Bonnie opened her own eyes. She had a vague memory of falling forward onto her bed. But she wasn’t at home; she was still at the Saitou house, lying on a couch.
As always, when in confusion or fear, she looked for Meredith. Meredith was just returning from the kitchen with a makeshift ice pack. She put it on Bonnie’s already wet forehead.
“I just fainted,” Bonnie explained, as she herself figured it out. “That’s all.”

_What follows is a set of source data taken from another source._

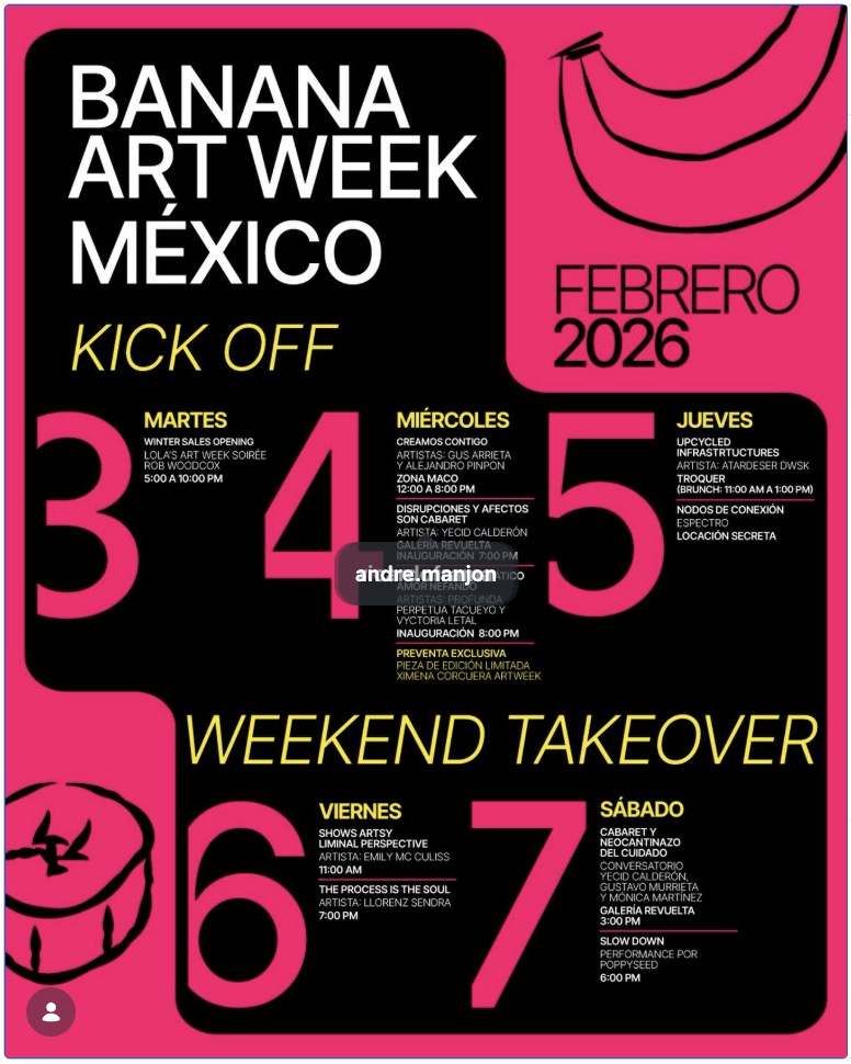 Banana Art Week se inserta en el momento más relevante del calendario artístico de Ciudad de México: la Art Week 2026 — del 4 al 8 de febrero — que incluye ferias internacionales como ZⓈONAMACO, la más grande de América Latina con cerca de 200 galerías de 27 países, así como múltiples exposiciones, espacios alternativos y encuentros entre artistas, curadores y coleccionistas.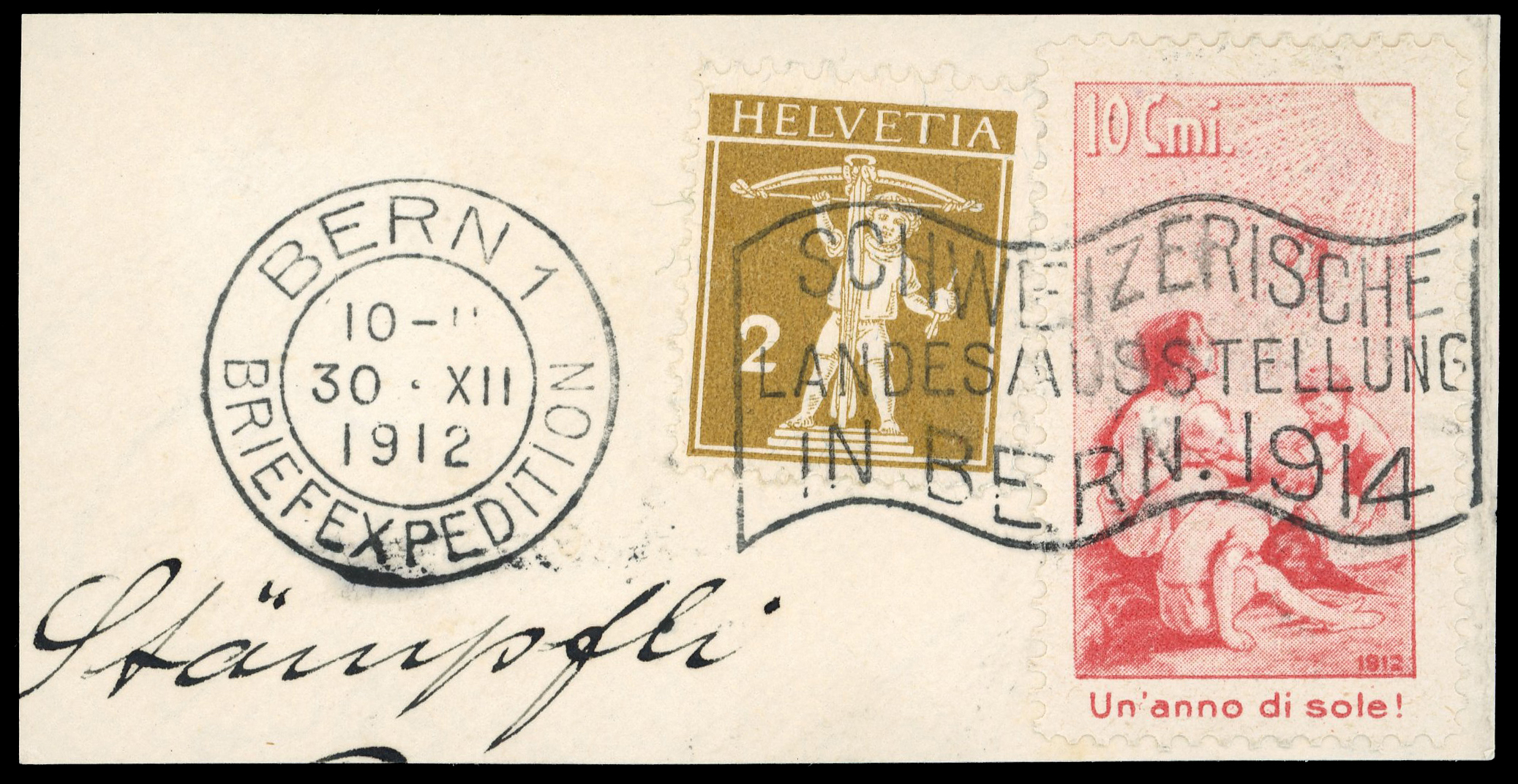 1912, Pro Juventute Vorläufer italienisch, zusammen mit Tellknabe 2 Rp. oliv, auf Briefstück, farbintensiv, allseits perfekt gezähnt, entwertet mit schwarzem Flaggenstempel « SCHWEIZERISCHE LANDESAUSSTELLUNG IN BERN 1914 » und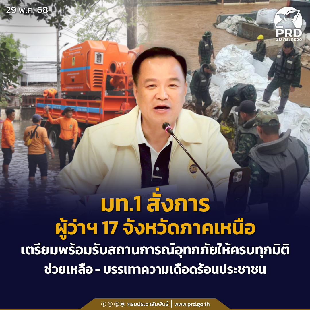 (27 พ.ค. 68) จากสถานการณ์อุทกภัยในหลายพื้นที่โดยเฉพาะภาคเหนือ นายอนุทิน ชาญวีรกูล รองนายกรัฐมนตรีและรัฐมนตรีว่าการกระทรวงมหาดไทย ได้ประชุมและมีข้อสั่งการเตรียมความพร้อม และรับมือสถานการณ์อุทกภัย มีหนังสือด่วนแจ้งไปยังผู้ว่าราชการจังหวัด 17 จังหวัดภาคเหนือ ให้บริหารจัดการสถานการณ์อุทกภัยอย่างมีประสิทธิภาพ เตรียมความพร้อมก่อนเกิดภัย ขณะเกิดภัย และหลังเกิดภัย เพื่อเร่งช่วยเหลือฟื้นฟูเยียวยาอย่างรวดเร็วและทั่วถึง และสื่อสารสร้างความเข้าใจกับประชาชนให้ติดตามสภาพอากาศอย่างต่อเนื่อง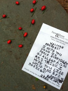 This is what it’s like to be 8. Half loudly asserting your independence and personhood, half investing in your belief in fairies. And leaving them a little something to show you care.

“I know you fainted. You cracked your head pretty hard on the floor,” Meredith replied, and for once her face was perfectly readable: worry and sympathy and relief were all visible. She actually had tears pooling in her eyes. “Oh, Bonnie, I couldn’t get to you in time. Isobel was in the way, and those tatami mats don’t cushion the floor much—and you’ve been out for almost half an hour! You scared me.”
“I’m sorry.” Bonnie fumbled a hand out a blanket she seemed to be wrapped in and gave Meredith’s hand a squeeze. It meant velociraptor sisterhood is still in action. It also meant thank you for caring.
Jim was sprawled on another couch holding an ice pack to the back of his head. His face was greenish-white. He tried to stand up but Dr. Alpert—it was her voice that was both crusty and kind—pushed him back onto the couch.
“You don’t need any more exertion,” she said. “But I do need an assistant. Meredith, can you help me with Isobel? It sounds as if she’s going to be quite a handful.”
“She hit me in the back of the head with a lamp,” Jim warned them. “Don’t ever turn your back on her.”
“We’ll be careful,” Dr. Alpert said.
“You two stay here,” Meredith added firmly.
Bonnie was watching Meredith’s eyes. She wanted to get up to help them with Isobel. But Meredith had that special look of determination that meant it was better not to argue.
As soon as they left, Bonnie tried to stand up. But immediately she began to see the pulsating gray nothingness that meant she was going to pass out again.
She lay back down, teeth gritted.
For a long time there were crashes and shouts from Isobel’s room. Bonnie would hear Dr. Alpert’s voice raised, and then Isobel’s, and then a third voice—not Meredith, who never shouted if she could help it, but what sounded like Isobel’s voice, only slowed down and distorted.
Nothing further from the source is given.